The authors of Free Houses argue that all of this is against public policy.  Bending the rules of res judicata to avoid a windfall for homeowners only subsidizes banks’ counter-productive practices, encourages consumer fraud and leads to deadweight losses ultimately borne by taxpayers.  The authors point out that foreclosures are like devastating tsunamis that roil families and communities in their wake.  Foreclosures depress home values and tax revenues.  Foreclosures have statistically significant correlations with “depression, anxiety, suicide, cardiovascular disease and emergency-care treatment.”  I personally have had several clients who have made suicide attempts or threatened suicide due to a foreclosure.  I have seen divorces and failed businesses.  Medical events brought on by anxiety and stress are all too commonplace.  Negative credit flowing from foreclosure significantly impact the lifetime buying power of a homeowner and the ability to undertake significant purchases such as buying another house, taking out a business loan, or funding their child’s education.

Given all of this, public policy strongly favors keeping homeowners in their homes.  And if it even remains legal for vulture lenders to purchase defaulted loans for less than Fair Market Value (FMV) – a practice of dubious legality which is devoid of any social utility – the homeowner should, at a minimum, be given a First Right of Refusal (FROR) to purchase their own loan from the bank on the same terms.


From a practitioner’s perspective, I think that Ms.

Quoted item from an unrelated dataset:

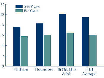 The effects of the quality of the air can be seen in asthma levels locally. The table opposite is from a study by the Ealing, Hammersmith and Hounslow Health Authority which shows our area being well above other parts of the Health Authority for cases of asthma particularly for children. The report suggests that asthma may not necessarily be caused by air pollution and that smoking is a major extra factor but, as the study points out, smoking tends to be inversely related to income level. If this is accurate then more affluent Chiswick would have a lower incidence of smoking strongly suggesting that the high asthma levels locally are to do with traffic pollution. |
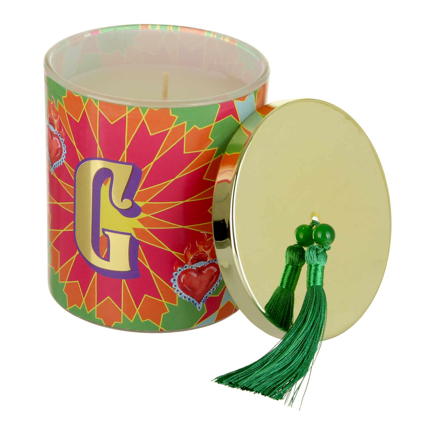 La linea di candele profumate firmate dalla designer Benny Setti è perfetta per portare il piacere dell'aromaterapia direttamente a casa tua. Il barattolo in vetro decorato a tema circo con lettera G, combinato a un coperchio dorato con nappina colorata, rende questa candela profumata un vero e proprio complemento d'arredo originale e alla moda. La sua fragranza ti accompagnerà nei momenti di puro relax cullandoti con fresche note per la casa. Profumazione: Five Star. Dimensioni: 8x9 cm.

Megan Wachspress, Messrs. Jessie Agatstein and Christian Mott of Yale Law School have made a valuable contribution with their article.  They no doubt have bright futures ahead of them.  Until reading this article, I was unaware that Yale had a Mortgage Foreclosure Litigation Clinic -- https://www.law.yale.edu/studying-law-yale/clinical-and-experiential-learning/our-clinics/mortgage-foreclosure-litigation-clinic.  The very existence of an organization like this at one of the world’s leading educational institutions speaks to the severity of the foreclosure epidemic facing our nation and the need for reform.


[i] See Washington v. Specialized Loan Servicing, LLC (In re Washington), 2014 Bankr. LEXIS 4649 (Nov. 5, 2014), reversed on appeal, In re Washington, 2:14-cv-8063-SDW, 2015 U.S. Dist. LEXIS 105794 (N.J. Dist. Ct. Aug. 11, 2015)(slip op.)